The story of the discovery of these documents is still another among the many romances which archæology so constantly and so unexpectedly presents.

The site of the modern Arab village, Tel-el-Amarna, is about one hundred and ninety miles south of Cairo, on the eastern bank of the river Nile.

The mountain chain which here follows the course of the river, recedes at this point in the form of a bay, and upon the sandy plain thus partially enclosed, many interesting remains appear, indicating the site of an ancient city.

The tombs on the hillside have long been of special interest to Egyptologists.

This city was known to have been the royal residence, and for a time the capital of Egypt, under Amenophis IV, the ninth king of the eighteenth dynasty. This king, son of Amenophis III and Queen Teie, a princess of Mitanni, was through several generations of maternal descent more Asiatic than Egyptian.

The royal house of Mitanni—the Aram-Nahairam of the Hebrews—had given in marriage several successive princesses to the kings of Egypt. Tothmes III, during his wars of conquest in western Asia, had obtained a princess of Mitanni in marriage, and this alliance was further cemented by the Egyptian kings, his successors, to the period of Amenophis III, the father of Khu n Aten, Amenophis IV.

These frequent alliances had brought about an inclination for the gods of the Mesopotamian mothers, and after while this younger son of the royal house of Egypt, openly professed his adoption of the worship of Aten, the supreme Baal of the Semitic people of Asia, and attempted to substitute this for the worship of Amon, the god of Thebes. He erased the name of the Egyptian god from the monuments and temples wherever found. This so aroused the indignation of the powerful priesthood devoted to the worship of Amon, that Amenophis found it necessary to leave for a time the capital of his kingdom at Thebes and to found another elsewhere.

This was established on the site of the modern Tel-el-Armana. The king took to himself a new title, Khu n Aten, “The Splendor of the Sun’s Disc,” by which name also he designated his new city. His reign after this seems to have been of short duration. After him, two or three princes of his house succeeded him, but with him Egyptian supremacy in western Asia was at an end and the subject provinces of Syria and Palestine passed out of Egyptian hands and rule.

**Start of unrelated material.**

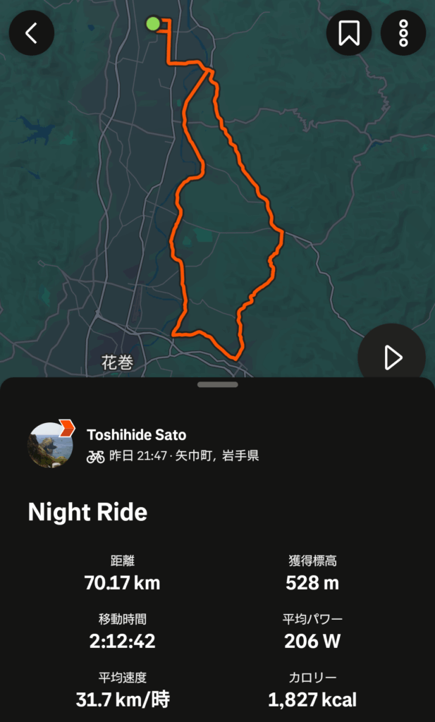 夜練実走は危険が危ないので、ちょっと控えようかしら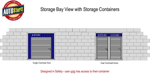 AUTOStorit is built from the same modular scalable architecture used by AUTOParkit a market leader in autonomous parking. Unlike parking cars, an AUTOStorit System provides high-density automated storage of containers. Unlike a conventional storage facility where a user needs to unload their contents onto a dolly or cart and move it through a series of hallways and/or elevator to reach the storage location, AUTOStorit upon demand delivers a storage container to a Storage Bay where a user can back their car up to the Storage Container’s overhead door. Loading and unloading curbside is significantly faster, easier, and less stressful than lugging items throughout a storage facility.

The mummy of this monarch has recently been found in a royal sepulcher of the kings of Thebes with those of other kings of this ancient dynasty.

The revolt against the heretical king was extensive and Egypt was distracted with civil wars. The adherents of the ancient religions soon brought the worship of the new heresy to an end, and Rameses, first king of the nineteenth dynasty, restored the worship of Amon and the ancient gods of Egypt, with all power and dignity and brought with him a return of peace.